Temperatures in the central U.S. and Upper Midwest could reach 10 to 20 degrees above average

A massive "heat dome" is heading for the U.S. that will bake much of the country to potentially record-breaking temperatures next week. (Photo: Johnysweb/flickr/cc)

A massive "heat dome" is heading for the U.S. that will bake much of the country to potentially record-breaking temperatures next week, the Washington Post reports.

Only the Pacific Northwest is expected to escape the heat wave, while the rest of the country can look forward to some of its "hottest weather with respect to normal," the Post's weather editor Jason Samenow writes.

Although it is too early to know exactly how hot it will get, temperatures in the central U.S. and Upper Midwest could reach 10 to 20 degrees above average.
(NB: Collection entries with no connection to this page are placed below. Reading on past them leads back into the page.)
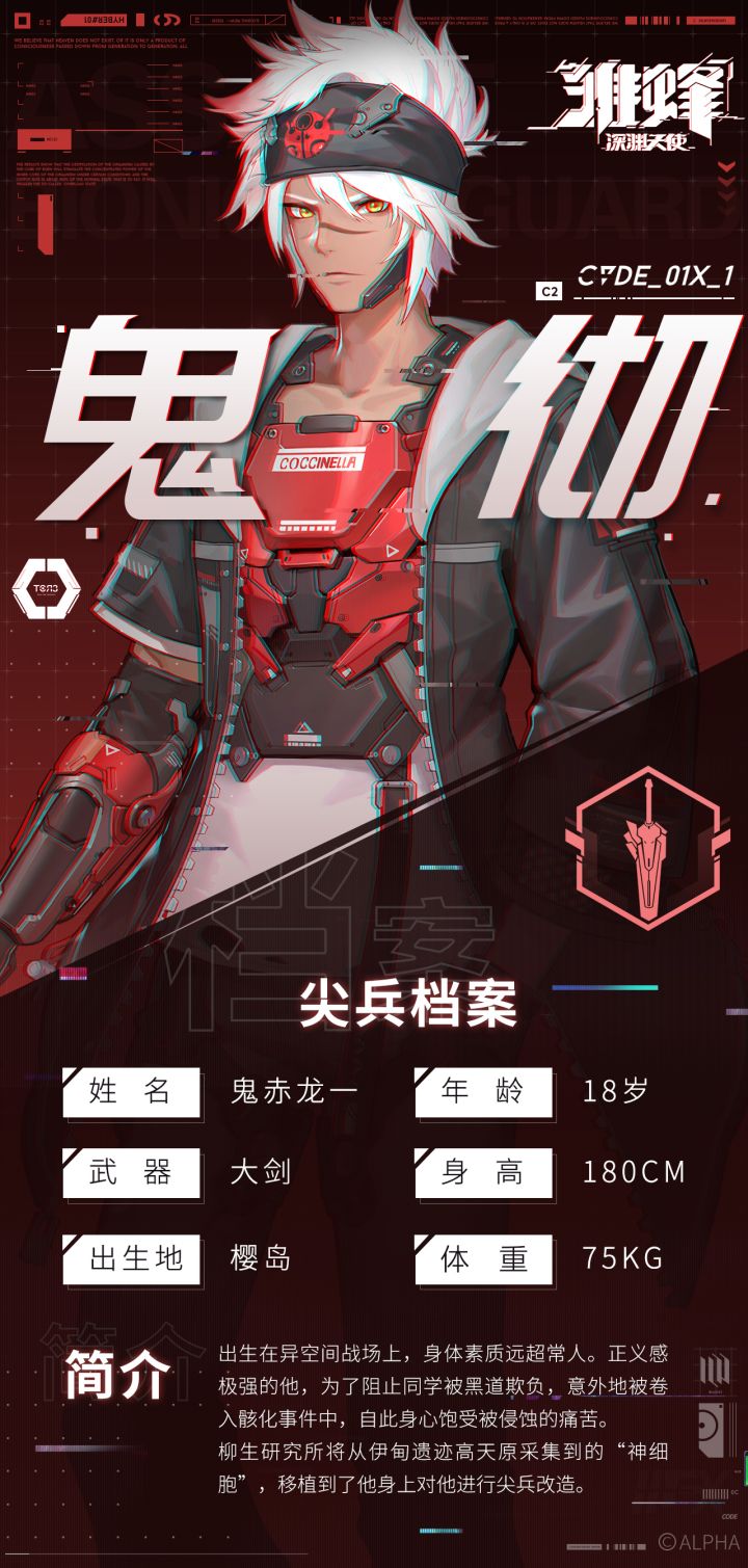 //你好,尖兵。欢迎登录NPSA档案库。//尖兵数据#序列003——鬼彻//爱丽丝正在解码数据……//职业:鬼彻//姓名:鬼赤龙一//出生地:樱岛//武器:大剑//人生经历—— “来吧!战个痛快吧!”出生在异空间战场上,身体素质远超常人。正义感极强的他,为了阻止同学被黑道欺负,意外地被卷入骸化事件中,自此身心饱受被侵蚀的痛苦。柳生研究所将从伊甸遗迹高天原采集到的“神细胞”,移植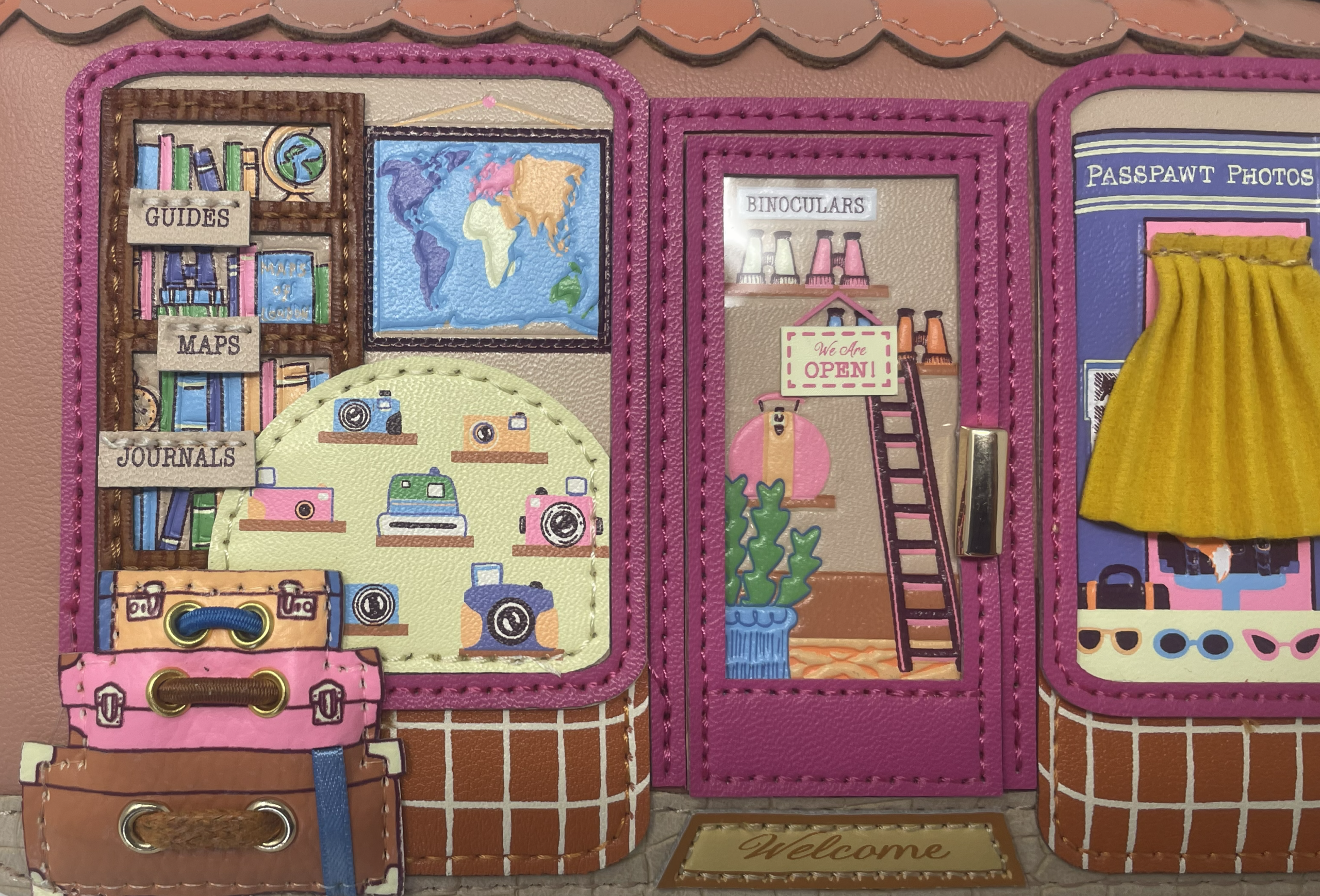 Bedrucktes und geprägtes veganes Leder, handgenähte Applikationen und antikgoldfarbene Elemente verleihen ihr eine ganz besondere Ausstrahlung.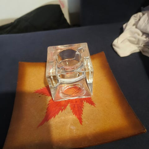 Vihreä lasinen kynttilänjalka, jossa on koristeellinen ja monimutkainen muotoilu. Sopii käytettäväksi kynttilöiden tukena sisustuselementtinä.

Highs in Des Moines, Iowa, for example, may surpass 100°F for three days straight.

According to Atlas Obscura, heat domes are a "meteorological phenomenon" that occur when "a high-pressure system forms in the mid- to upper-atmosphere; the air pressure pushes warm air down towards the surface and traps it there, resulting in higher—often much higher—than normal temperatures."
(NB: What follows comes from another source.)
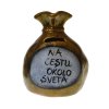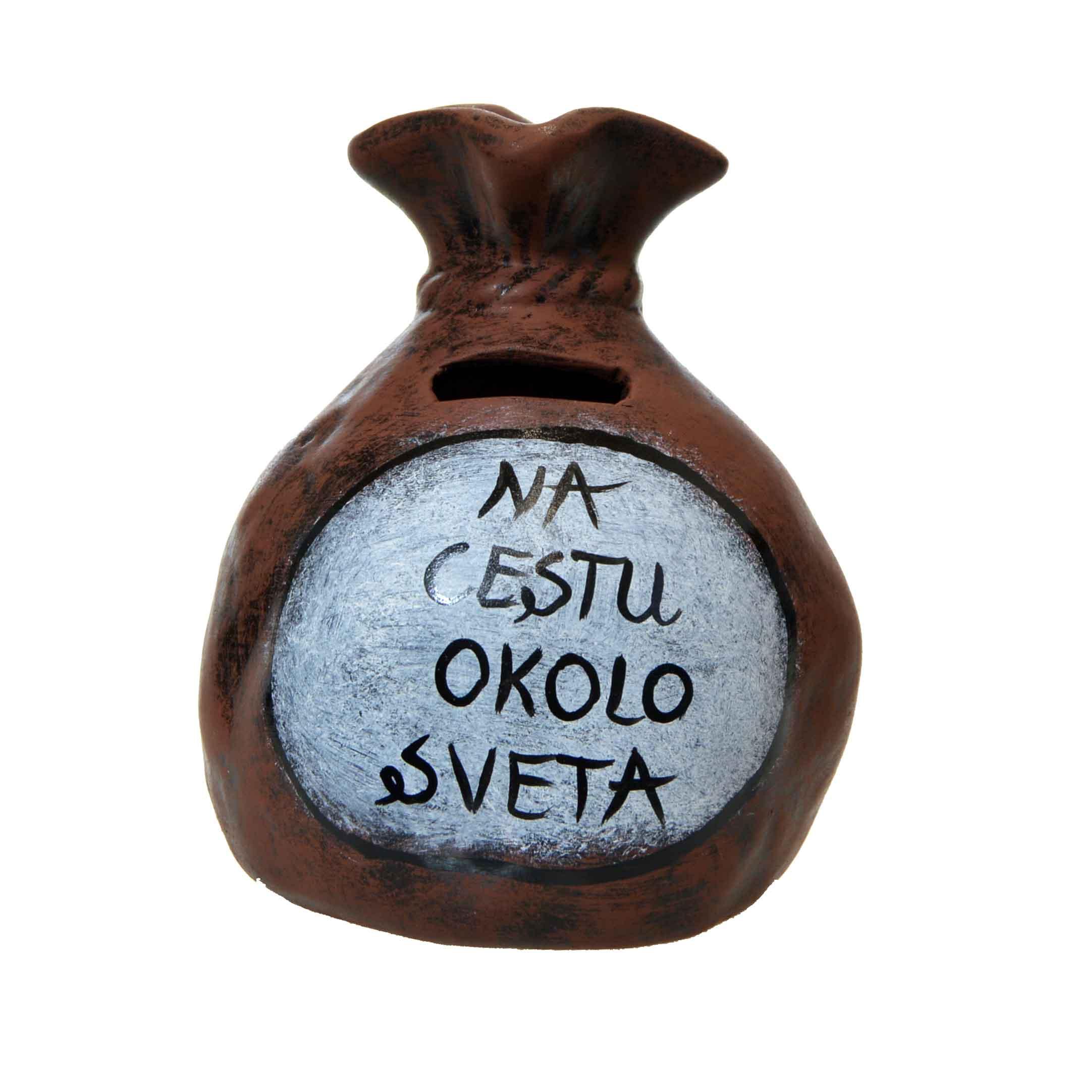 Krásna keramická pokladnička na peniaze v tvare mešca s nápisom: na cestu okolo sveta je skvelý darček pre rodičov.

The phrase came into popular use around 2011, although Oklahoma-based meteorologist Gary England told the New York Times that the title was "a little bit misleading" and that the phenomenon would be more accurately described as a "heat bubble."

Bubble or dome, it's coming. As Mashable's science editor Andrew Freedman points out, "Both the European and GFS models, among others, are depicting the height of the 500 millibar pressure surface, which is normally located around 5,000 meters, or 18,000 feet, to be at or above 6,000 meters, or 19,685 feet.

There are other concerns. Freedman writes:

Another hazard may also be found along the northern fringe of the heat dome, from southern Canada across the northern Great Lakes states and into New England. Atmospheric disturbances tend to ripple across the outer edges of such weather patterns, triggering large complexes of severe thunderstorms.

[....] One of the most confident conclusions in climate science is that heat waves are becoming more intense and more common as the world warms in response to increasing amounts of greenhouse gases in the air.

The heat wave comes as global temperatures continue to break previous records. In May, the National Oceanic and Atmospheric Administration (NOAA) released its annual State of the Climate report which found that April 2016 marked the 12th consecutive warmest month on record.

And as Atlas Obscura warns, "As with many other extreme weather events around the world, climate change may be making heat domes more common than ever."